When writing HWE, I was unable to discover anything much about Ernst’s friend Dr Roth – the dedicatee of the Pensées fugitives, his co-conspirator in a practical joke against Anton Schindler, and the librettist of one of Ernst’s songs – beyond the fact he was a homeopathic doctor. I’ve now discovered that he was David-Didier Roth (1810-85), a man from a Jewish background very similar to Ernst’s and Heller’s own. Born in Cassovia in the Austrian Empire, he studied medicine in Vienna, but found Paris more welcoming to both Jews and homeopaths. He eventually numbered Chopin and Baron Rothschild amongst his clients, and established a European reputation with a string of well-received medical textbooks, including a nine-volume work on homeopathy. But medicine was only one of his accomplishments. He was deeply interested in music; invented a sequence of ingenious calculating machines; and built up an important collection of engravings, particularly by Dürer, which are now in the Louvre and the Bibliothèque Nationale.
This section contains newly discovered information about Ernst, and the latest developments in the world of Ernst publishing, recording, performing, lecture-giving, film-making etc.
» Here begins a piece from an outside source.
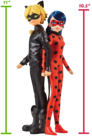 Tauchen Sie ein in die zauberhafte Welt von Miraculous, in der das harmonische Superhelden-Duo Ladybug und Cat Noir über die Sicherheit der Menschheit wacht. Ihre Aufgabe ist es, Paris vor dem Schurken Hawk Moth zu schützen und die Stadt vor Verbrechen zu bewahren. Sowohl Ladybug als auch Cat Noir besitzen ein Miraculous, das ihnen enorme Stärke, Mut und Schnelligkeit verleiht. Set mit zwei Puppen – Ladybug und Cat Noir – in ihren Kostümen. Die beweglichen Puppen sind 27 cm groß; die Verpackung enthält das Superheldenkostüm und Zubehör.

Two books have recently appeared from the same enterprising publisher which will be of interest to all Ernstians. The first is Hugh Macdonald’s Music in 1853: The Biography of a Year (Woodbridge: Boydell and Brewer, 2012) where Ernst, almost for the first time, takes his proper place amongst his contemporaries.
The second is Mai Kawabata’s Paganini: The ‘Demonic’ Virtuoso (Woodbridge: Boydell and Brewer, 2013) a penetrating study of the mythology surrounding the man and the cultural forces which shaped it.
Paganini had a red leather violin case with his name in gold letters on the lid. Ernst had a similar case – although this time in green leather – made for his Stradivarius. Madam Ernst refers to this case in her poem ‘Ernst’s Violin’ – ‘You who were his living lyre, / Now you are here mute, / Shut up in your green case, / […] / Be mine at least undivided. / Only my hand will awaken you, / […] / Smash yourself in any other hand.’ [HWE:272] This case is now owned by the Californian violinist and Sarasate expert, Joe Gold. (See under People).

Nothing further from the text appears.